The challenge to the conventional wisdom takes one of two forms. There are those who seem to admit that comparative facts about the alternatives, if they exist, provide the justification of choice in the first instance, but maintain that if comparative facts run out, noncomparative considerations can step in to justify choice. Joseph Raz, for example, thinks that "the will" can justify choice between incomparable alternatives; if they are incomparable, practical reason favors neither, and so one is justified in doing what one feels like.(2) James Griffin maintains that prudence, as well as legal or moral consensus, helps to "shape" and "extend" the norms that provide the standards according to which we may justifiably choose between morally incomparable alternatives.(3) Thus, although comparisons justify choice in the first instance, where comparison fails, there are further practical resources that can justify waiting in the wings.

Others reject the idea that comparative facts about the alternatives preemptively provide the justification of choice. Comparative facts are either irrelevant to the justification of choice or positively cannot justify choice. Michael Stocker holds that the "concrete" merits of an alternative can justify choosing it over others, whether or not the alternatives can be compared; one might be justified in choosing to read An Instance of the Fingerpost instead of Lord Jim for the particular historical erudition it displays and the particular, suspenseful pleasure it provides, even if the novels are incomparable. Charles Taylor has suggested that "articulation" of goods and a keen sense of both the "shape" of our lives and the way different goods fit within it provide the grounds for choosing one thing over another, not comparisons of the alternatives.(5) "Specificationists" like Elijah Millgrain, Henry Richardson, and David Wiggins maintain that the grounds for choice are given by deliberative specifications of the values at stake, either constrained by or constitutive of one's conception of what really matters.(6) Facts about how the alternatives compare are irrelevant because the justification of choice is given by the specification, not by a comparison.

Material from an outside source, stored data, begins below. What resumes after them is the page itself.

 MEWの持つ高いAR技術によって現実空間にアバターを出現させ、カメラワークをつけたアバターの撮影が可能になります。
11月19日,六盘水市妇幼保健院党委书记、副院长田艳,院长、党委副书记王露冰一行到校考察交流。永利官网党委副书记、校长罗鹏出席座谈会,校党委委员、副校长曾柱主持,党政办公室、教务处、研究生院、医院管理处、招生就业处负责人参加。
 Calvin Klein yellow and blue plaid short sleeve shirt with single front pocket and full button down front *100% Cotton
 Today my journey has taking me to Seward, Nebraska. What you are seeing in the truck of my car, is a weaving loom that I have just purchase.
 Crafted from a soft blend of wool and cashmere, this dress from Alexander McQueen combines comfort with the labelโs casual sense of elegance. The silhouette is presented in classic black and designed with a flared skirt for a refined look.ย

Elizabeth Anderson has urged that it is not a comparative fact about the alternatives that justifies choosing one over another, but norms of rationality that govern the attitudes it is appropriate to have towards them. So, for instance, she thinks that the justification for choosing to save the life of one's mother rather than to keep a friendship cannot be that saving the life of one's mother is better in some respect; rather, if one is justified in choosing the former option, it is because saving one's mother expresses an appropriate attitude of love towards her. In some cases, Anderson argues, the justification of choice cannot be a comparative fact about the alternatives, because a comparison between certain goods--such as human life on the one hand and money on the other--goes against the very nature of such goods.(7) Steven Lukes makes a similar point about certain choices between alternatives bearing sacred values and those bearing secular values. A monk's choice of celibacy is not justified by a comparative fact about the alternatives open to him but is instead a sacrifice demanded of him by the sacred values involved.(8)

According to these authors, since what justifies choice need not, and in some cases cannot, be a comparison of the alternatives, the comparability of alternatives is not necessary for justified choice. Thus, it is thought, the conventional wisdom is mistaken.

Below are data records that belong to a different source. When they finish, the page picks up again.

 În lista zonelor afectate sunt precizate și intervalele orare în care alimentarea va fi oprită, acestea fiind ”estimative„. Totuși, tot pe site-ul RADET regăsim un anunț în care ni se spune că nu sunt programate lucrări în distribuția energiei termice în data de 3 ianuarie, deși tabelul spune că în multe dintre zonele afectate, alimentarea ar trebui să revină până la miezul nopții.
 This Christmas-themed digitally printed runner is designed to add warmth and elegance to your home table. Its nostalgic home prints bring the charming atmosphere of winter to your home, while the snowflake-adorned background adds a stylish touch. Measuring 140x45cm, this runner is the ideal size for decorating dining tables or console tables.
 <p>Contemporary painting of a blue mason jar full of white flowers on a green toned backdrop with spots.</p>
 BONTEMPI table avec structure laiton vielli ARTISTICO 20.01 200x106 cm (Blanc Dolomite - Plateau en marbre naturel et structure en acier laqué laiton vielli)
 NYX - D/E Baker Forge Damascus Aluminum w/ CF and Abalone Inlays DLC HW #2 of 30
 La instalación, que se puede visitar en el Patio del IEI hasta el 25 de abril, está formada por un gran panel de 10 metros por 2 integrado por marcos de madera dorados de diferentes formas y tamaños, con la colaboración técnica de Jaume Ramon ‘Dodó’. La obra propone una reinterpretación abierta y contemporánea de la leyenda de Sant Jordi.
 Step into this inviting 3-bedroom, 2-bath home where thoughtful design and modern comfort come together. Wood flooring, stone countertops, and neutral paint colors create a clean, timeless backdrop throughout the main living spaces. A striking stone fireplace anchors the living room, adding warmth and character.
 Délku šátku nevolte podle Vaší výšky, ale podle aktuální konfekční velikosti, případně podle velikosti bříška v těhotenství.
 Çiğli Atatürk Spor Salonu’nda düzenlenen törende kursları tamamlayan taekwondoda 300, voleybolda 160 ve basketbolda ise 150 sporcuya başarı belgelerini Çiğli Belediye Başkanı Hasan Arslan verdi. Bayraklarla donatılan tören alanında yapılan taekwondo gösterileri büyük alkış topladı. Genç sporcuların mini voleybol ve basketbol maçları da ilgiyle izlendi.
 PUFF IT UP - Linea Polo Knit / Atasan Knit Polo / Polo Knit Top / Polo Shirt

In this Article, I argue that the incomparabilists cannot have it both ways; they cannot both maintain that some alternatives are incomparable and insist that practical reason may nevertheless deliver a justified choice among them. In particular, I defend a view of practical justification according to which a comparative fact about the alternatives determines which alternative one is justified in choosing.(9) Call this view comparativism. If a comparative fact determines justified choice, the comparability of alternatives is necessary to the possibility of justified choice. Thus, if comparativism is true, then so is the conventional wisdom.

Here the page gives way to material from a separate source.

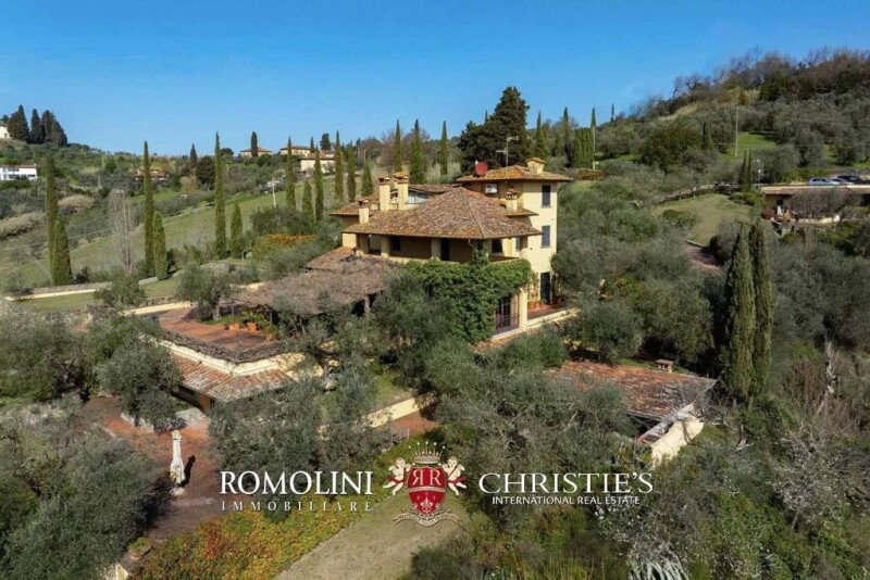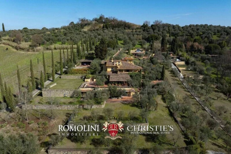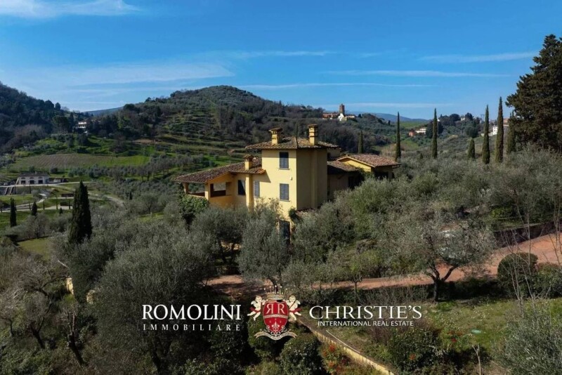 On the hills of Tuscany, between Carmignano and Poggio a Caiano, country villa with vineyard for sale. The property consists of a large main villa, two guesthouses and several garages for a total of more than 1,000 sqm that could be exploited either as a luxury private home or as an accommodation business. An English-style park of 15,500 sqm, olive grove (458 trees) and IGT vineyard (1.5 ha) complete the property. The location of the property is very convenient, accessible directly via paved municipal roads, and has all the necessary services in the nearby towns of Carmignano and Poggio a Caiano, both less than five minutes away by car. The location in the Florentine countryside also ensures a quick connection to much of Tuscany and its cities of art (Florence, San Gimignano, Siena, Volterra...). DESCRIPTION OF THE BUILDINGS The villa (674 sqm – 7,252 sqft, 7 bedrooms and 7 bathrooms) is a large building on four staggered floors, entirely restored in 2001: • Lower ground floor: entrance hall, kitchen, two bedrooms, two bathrooms, technical room, laundry room and cellars; • Upper ground floor: entrance hall with porch, large living room with terrace, dining room and bedroom with private bathroom; • First floor: hallway and three bedrooms with private bathroom; • Second floor: bedroom with bathroom and attic with exit to the terrace. Guesthouse A (133 sqm – 1,431 sqft, 2 bedrooms and 2 bathrooms) is structured on one floor and is currently divided into two independent apartments: • Apt. N°1 (71 sqm – 764 sqft): living room, kitchen, bedroom and bathroom; • Apt. N°2 (62 sqm – 667 sqft): living room, kitchen, bedroom and bathroom. Guesthouse B (45 sqm – 484 sqft, 1 bedroom and 1 bathroom) is located immediately behind the villa, just beyond a paved yard, and consists of living room with kitchen, small sitting room, bedroom and bathroom. A wine cellar (83 sqm – 893 sqft), a garage (63 sqm – 678 sqft) and two carports (108 sqm – 1,162 sqft) complete the property. The villa is surrounded by a beautiful park of 15,500 sqm, well-maintained and distributed on terraces that allow to make the most of all the available surface. Access to the property is directly from the municipal road through two gates that lead directly to the garages. Downstream from the house, following a tree-lined road with cypresses, one reaches the 18 × 7 m swimming pool with terracotta sunbathing area. EXTERIOR Agriculturally, the farm can count on a SuperTuscan IGT vineyard (1.5 ha) for the production of 5,000 bottles of wine per year and an olive grove (about 1.0 for a total of 458 trees) that allow the production of an excellent extra virgin olive oil. The wine is sold, in addition to the domestic market, in the United States where it is on the wine list of several California restaurants. CLOSEST CITIES AND TOWNS Carmignano (2km; 5’), Poggio a Caiano (3km; 5’), Prato (14km; 15’), Florence (24km; 25’), Pistoia (28km; 35’), Montespertoli (29km; 40’), San Casciano in Val di Pesa (32km; 45’), Vinci (38km; 45’), San Gimignano (61km; 1h 15’), Lucca (66km; 1h), Pisa (74km; 1h 15’), Colle di Val d’Elsa (75km; 1h 10’), Siena (99km; 1h 25’) CLOSEST AIRPORTS Firenze A. Vespucci (18km; 20’), Pisa G. Galilei (72km; 1h), Bologna G. Marconi (104km; 1h 30’), Perugia San Francesco (191km; 2h 25’), Roma Ciampino (318km; 3h 30’), Roma Fiumicino (332km; 3h 35’).

We need to ask what it is for something to determine justified choice. It seems plausible to suppose, as opponents of the conventional wisdom seem to, that what justifies choice is what determines that choice as justified. In other words, the justification for choosing x over y determines the choice of x over y as justified. This is such a natural assumption that it is hard to see how it could be doubted. Given this assumption, the question, "What determines justified choice?" becomes the question, "What justifies choice?" Comparativism, on the natural assumption, is the view that a comparative fact about the alternatives provides the justification of choice.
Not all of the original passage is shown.